Concepedia

TLDR

The study proposes a purely distributed bilateration localization scheme for 3D underwater sensor networks, called underwater sensor positioning (USP). The authors transform the 3D USN localization problem into a 2D problem using sensor depth and a simple projection, then design a purely distributed bilateration scheme (USP) based on this projection. They prove that a nondegenerative projection preserves localizability and that all geometric k‑lateration methods are equivalent, and simulations show that USP improves localization over existing 3D methods while offering low storage, low computation, balanced communication, and robustness to underwater errors.

Abstract

We transform the 3D underwater sensor network (USN) localization problem into its 2D counterpart by employing sensor depth information and a simple projection technique.
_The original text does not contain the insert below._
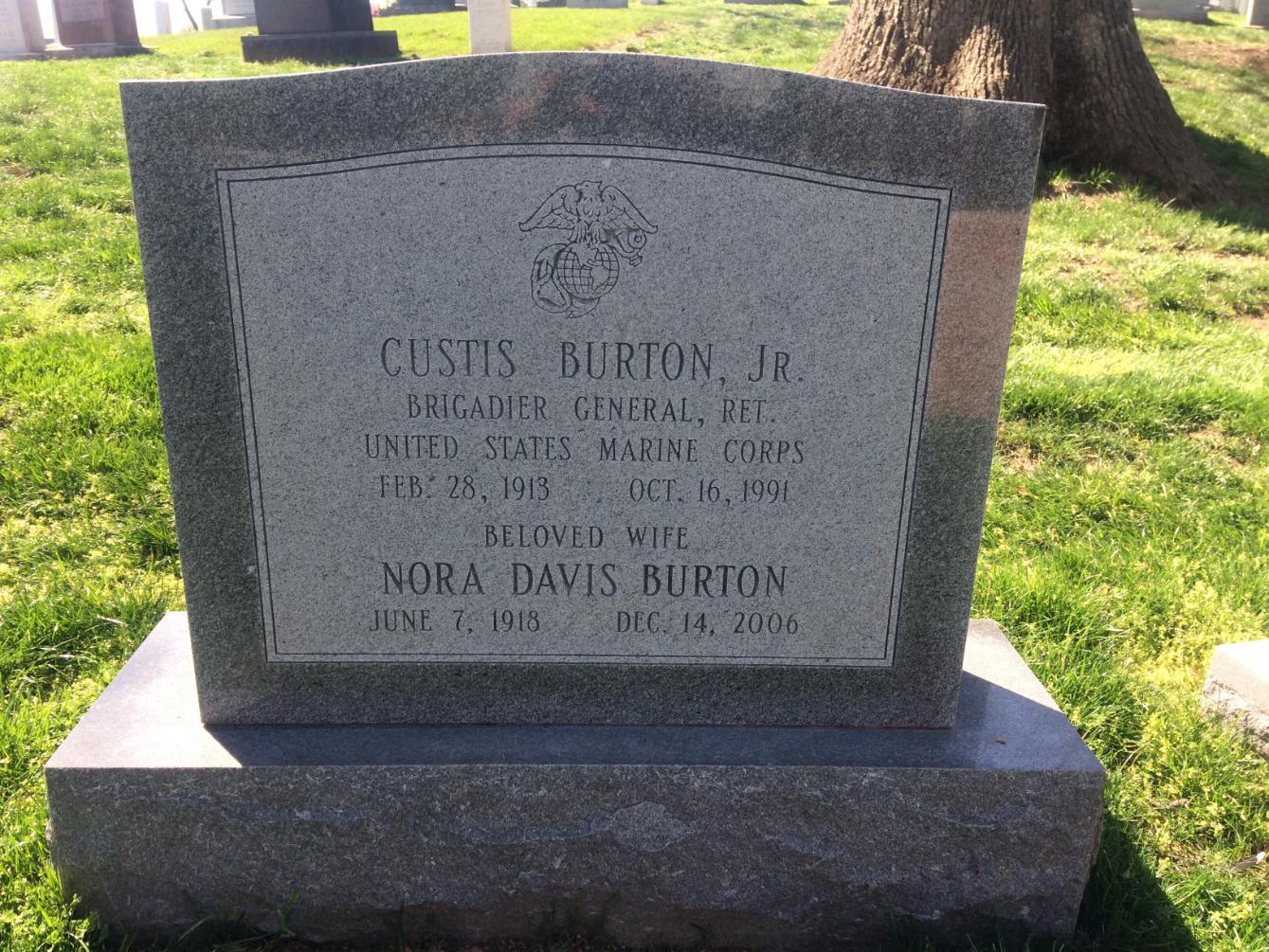Custis Burton Jr. was born on February 28, 1913, in Hopewell, Fauquier County, Virginia. He was married to Elise Nora Davis Burton. He graduated from the Virginia Military Institute and was commissioned as a 2nd Lt. in the Marine Corps in 1935. He was stationed at Pearl Harbor when the Japanese attacked on December 7, 1941, and was part of the garrison on Midway Island during the naval battle that bore its name in June 1942.

We first prove that a nondegenerative projection preserves network localizability. We then prove that given a network and a constant k, all of the geometric k-lateration localization methods are equivalent. Based on these results, we design a purely distributed bilateration localization scheme for 3D USNs termed as underwater sensor positioning (USP). Through extensive simulations, we show that USP has the following nice features: (1) improved localization capabilities over existing 3D methods, (2) low storage and computation requirements, (3) predictable and balanced communication overhead, and (4) robustness to errors from the underwater environment.